[Stored data]
------------

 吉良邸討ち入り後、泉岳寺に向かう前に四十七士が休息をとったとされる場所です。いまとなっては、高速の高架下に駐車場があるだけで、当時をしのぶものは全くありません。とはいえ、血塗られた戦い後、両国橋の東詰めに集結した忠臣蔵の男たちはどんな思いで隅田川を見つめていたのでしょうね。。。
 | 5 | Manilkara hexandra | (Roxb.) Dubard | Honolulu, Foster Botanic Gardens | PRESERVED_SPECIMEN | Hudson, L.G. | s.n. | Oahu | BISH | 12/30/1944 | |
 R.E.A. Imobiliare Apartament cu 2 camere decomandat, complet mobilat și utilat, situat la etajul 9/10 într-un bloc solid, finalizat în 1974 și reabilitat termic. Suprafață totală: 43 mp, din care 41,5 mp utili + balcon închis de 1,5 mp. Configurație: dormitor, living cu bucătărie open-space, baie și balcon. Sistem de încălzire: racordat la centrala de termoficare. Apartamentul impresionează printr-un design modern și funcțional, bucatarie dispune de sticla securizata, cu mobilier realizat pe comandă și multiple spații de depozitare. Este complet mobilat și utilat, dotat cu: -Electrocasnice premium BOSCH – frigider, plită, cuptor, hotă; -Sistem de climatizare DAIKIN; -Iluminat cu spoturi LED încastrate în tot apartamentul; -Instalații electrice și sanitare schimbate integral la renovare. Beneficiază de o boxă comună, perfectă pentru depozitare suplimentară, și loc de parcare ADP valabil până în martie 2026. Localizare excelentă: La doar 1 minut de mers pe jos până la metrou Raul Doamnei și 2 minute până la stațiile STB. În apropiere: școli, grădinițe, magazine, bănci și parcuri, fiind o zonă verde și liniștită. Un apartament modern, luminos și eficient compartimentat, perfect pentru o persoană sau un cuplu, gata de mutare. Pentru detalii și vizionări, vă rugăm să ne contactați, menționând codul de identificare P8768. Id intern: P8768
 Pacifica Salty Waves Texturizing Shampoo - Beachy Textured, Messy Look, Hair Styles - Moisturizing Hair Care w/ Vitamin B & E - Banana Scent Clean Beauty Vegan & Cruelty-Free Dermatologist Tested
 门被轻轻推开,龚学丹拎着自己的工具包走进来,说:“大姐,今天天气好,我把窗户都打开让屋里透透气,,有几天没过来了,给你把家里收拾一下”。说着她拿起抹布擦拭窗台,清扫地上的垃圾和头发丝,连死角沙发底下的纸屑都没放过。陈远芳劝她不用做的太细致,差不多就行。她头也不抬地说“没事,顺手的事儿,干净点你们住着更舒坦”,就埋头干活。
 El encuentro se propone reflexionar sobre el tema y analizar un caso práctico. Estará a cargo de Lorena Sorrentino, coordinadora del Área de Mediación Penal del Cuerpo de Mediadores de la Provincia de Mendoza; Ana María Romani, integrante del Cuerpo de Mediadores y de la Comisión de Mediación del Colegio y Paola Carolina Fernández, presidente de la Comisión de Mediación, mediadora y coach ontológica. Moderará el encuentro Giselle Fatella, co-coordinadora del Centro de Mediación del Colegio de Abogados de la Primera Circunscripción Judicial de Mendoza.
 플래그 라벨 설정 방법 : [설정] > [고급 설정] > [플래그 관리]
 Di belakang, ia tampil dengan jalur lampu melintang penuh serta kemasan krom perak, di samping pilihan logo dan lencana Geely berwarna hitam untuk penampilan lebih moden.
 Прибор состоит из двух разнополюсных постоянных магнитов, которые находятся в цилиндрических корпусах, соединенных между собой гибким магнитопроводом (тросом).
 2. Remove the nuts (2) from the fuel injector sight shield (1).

------------

Task details: Lines from the first one above through the line containing "12/30/1944 | |" are to be retyped exactly, both included, and nothing more.

Exercise answer:
 吉良邸討ち入り後、泉岳寺に向かう前に四十七士が休息をとったとされる場所です。いまとなっては、高速の高架下に駐車場があるだけで、当時をしのぶものは全くありません。とはいえ、血塗られた戦い後、両国橋の東詰めに集結した忠臣蔵の男たちはどんな思いで隅田川を見つめていたのでしょうね。。。
 | 5 | Manilkara hexandra | (Roxb.) Dubard | Honolulu, Foster Botanic Gardens | PRESERVED_SPECIMEN | Hudson, L.G. | s.n. | Oahu | BISH | 12/30/1944 | |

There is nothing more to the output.